I made the 50-mile drive as described - it was anxiety-ridden but I made it without incident - even stopping to get flowers for my girlfriend along the way. It's tough walking into the store and always thinking that it's just you whose feeling like crap and everyone else there is "normal and happy" however, I know in my heart that I must continue to do these things whenever possible to reinforce in my mind that this is just a temporary state of affairs and indeed I can do these things - however tough they may be. Went to the 4th of July picnic and feasted on Maryland Crabs and all kinds of fresh vegetables (no beer until I get beyond all this crap). Talked with other folks at the party and played catch with the football with only some minor waves of anxity and depression. Later in the evening it increased in intensity a little but I believe this just to be due to my brain being fatigued from all this emotion and withdrawal. Sat with my girlfriend and talked for awhile about all this stuff and it was very comforting to me. I tend to suppress my emotions being a man and she can bring them out and it helps.
Anyway, back to the withdrawal. today is better - I did not wake at night fretting and pacing (I did awake to some heavy lightning and thunder but went back to sleep). Slept well for the most part. Awoke this AM and was still a little apprehensive about getting up and out of bed but I managed, then went on a 4-mile run (hot and humid though). So here I sit now ready to go over to the beach for a few hours. I am not naive enough to believe I am out of the woods yets but the mere fact that I can have a good few hours or a day is helpful to my sanity and in knowing that there truly is light at the end of this long tunnel. I will take your advice (I did tell my girlfriend what you said) and stick with the Prozac for the time being. I will also not be too hesistant to take a Klonopin if needed (I am on a relatively low dose anyway - a couple or three 0.5 mg tabs a day). I will not take another Effexor as long as I live.
I appreciate your responses so keep them coming and I will keep documenting my ordeal as well.
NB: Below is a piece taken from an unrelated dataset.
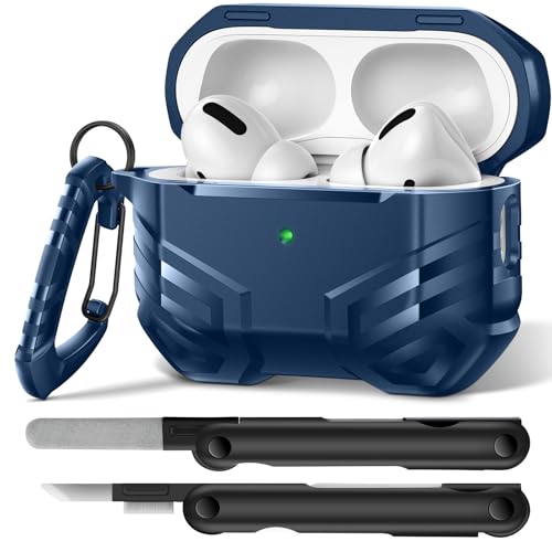 MOBOSI for AirPods Pro 2 Case Cover with Lock & Cleaner Kit & Keychain, Compatible with Airpod Pro Case 2nd/1st Gen Military Grade Shockproof Protective Hard Shell for Men(2023/2022/2019), Blue

I hope I can keep the generally forward progress with this Take care.
133 hours (5 days, 13 hours) since final Effexor. I can actually say that I have had a really good day so I am getting more optimistic although not naive enough to think I'm out of the woods yet. Yesterday was quite awful and today contrasted so much in the "good" direction, it is kinda scary. I did have some "spells" of foreboding today but have tried to adopy a "who gives a crap" mentality about it and float through it. Today, I was successful with that strategy. I take some vitamin supps that may help but my attitude may best the best thing - as well as talking to people about the issue. Noy much else to say right now - I will keep updating.
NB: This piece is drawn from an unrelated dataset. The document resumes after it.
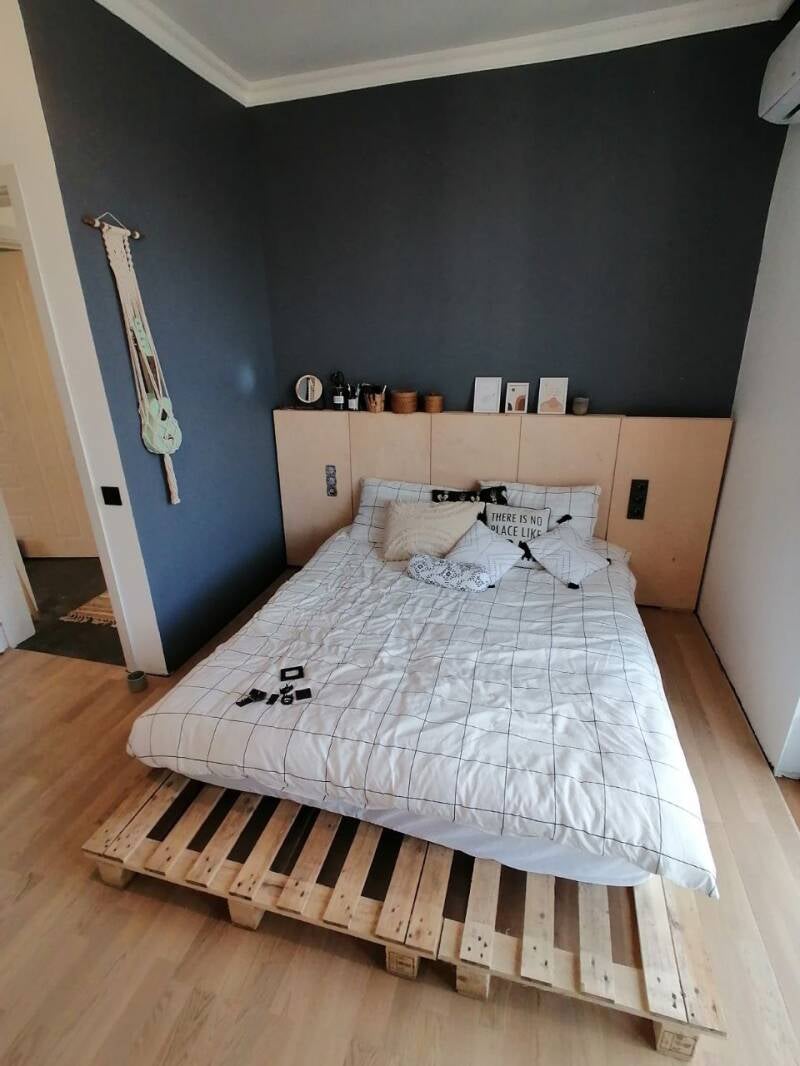 I made the bed from 4 pallets, that I've cutted because I get them for free from some vine workshop and it took me very short time to do it. Two nightstands are made of pine furniture panels scraps.

Good luck, but take care. I was given 4 packs of sample Effexor, and I took one pill, it made me feel like I was going to drop where I stood and very weird, scared me and I threw them all in the trash. The PA I recently saw told me the med wasn't in my system long enough to make a difference. If I had to spend 4-6 weeks with those effects, uh uh, I'd go crazy. Especially after I've read so many withdrawal stories, not worth it.